You don’t actually need that line about the dock. The hat was moving away from the rower at the same speed the rower was gaining on the hat (after he turned around), namely S+1 where S is the speed of the river. So the time before turnaround and after the turnaround to the meet up was the same, 10 minutes.

But it didn’t explicity state that in the problem, that the time after turnaround was also 10 minutes. If it did, then it wouldn’t be much of a problem.

“So the time before turnaround and after the turnaround to the meet up was the same, 10 minutes.”

Which is what I concluded without using algebra. I tried to illustrate this phenomenon by describing a man walking on a moving conveyor belt. The speed of the belt is analogous to the speed of the river current. If the man places his hat on the conveyor belt and then walks away from it for ten minutes, obviously it will take him another ten minutes to walk back to his hat on the belt. And as the hat on the belt (river) has traveled one mile back to its starting point during those twenty minutes, the conveyor belt (or river) must be moving at three miles per hour.


“If it did, then it wouldn’t be much of a problem.”

Which is what I said originally.




Here is another thought-provoking problem regarding relative motion: Consider a stationary wire with an electrical current flowing through it, and a charged particle moving parallel to the wire. From the standpoint of a stationery observer, a circular magnetic field surrounds the wire, and the charged particle is forced away or toward the wire according to the equation of classical physics: F = qv x B, where F dotes the force on the particle, q the magnitude of the charge, v the velocity of the particle, an B the strength of the magnetic field generated by the current flowing through the wire.

Now consider the same experimental setup from the point of view of an observer moving at the same speed as the charged particle. From his point of view, the velocity v of the charged particle is zero, but he still observes the particle to be attracted or repulsed (depending on the direction of current flow) by the wire. How can this be?
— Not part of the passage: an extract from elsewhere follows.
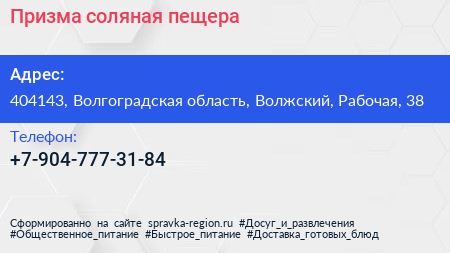 Призма, соляная пещера по адресу 404143, Волгоградская область, Волжский, Рабочая, 38 в дальнейшем Организация, размещена в следующих категориях: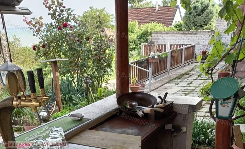 - emelet: közlekedő, kazánház, konyha-étkező, három szoba, egy kisszoba, fürdőszoba és toalett, erkély csodás balatoni panorámával

It seems to me that any truly observant physicist from the time of publication of Maxwell’s equations in 1865 to the publication of Einstein’s theory of special relativity in 1905 should have been aware that there was something seriously amiss with classical physics. It took Einstein 40 years to make the observation and to be bold enough to publish it. Therein lies his genius.

The key concept here is thate, with respect to the surface of the water, the hat is NOT moving. It is just sitting there on the surface of the water. The entire surface is moving but that is true for both the hat and the man. The only thing that matters is that the man is away from the hat for 20 minutes. It does not matter how far he went away or if he changed speed! ALL that matters is that he dropped the hat one mile from the dock, was away from the hat for 20 minutes, and got back to the hat at the dock. That means the river took 20 minutes to move the hat one mile. Mechaniker’s conveyer belt analogy illustrates the same concept. The man could have gone to the side of the river, had a picnic, and gone back to the hat. 20 minutes and one mile are the only inputs that matter!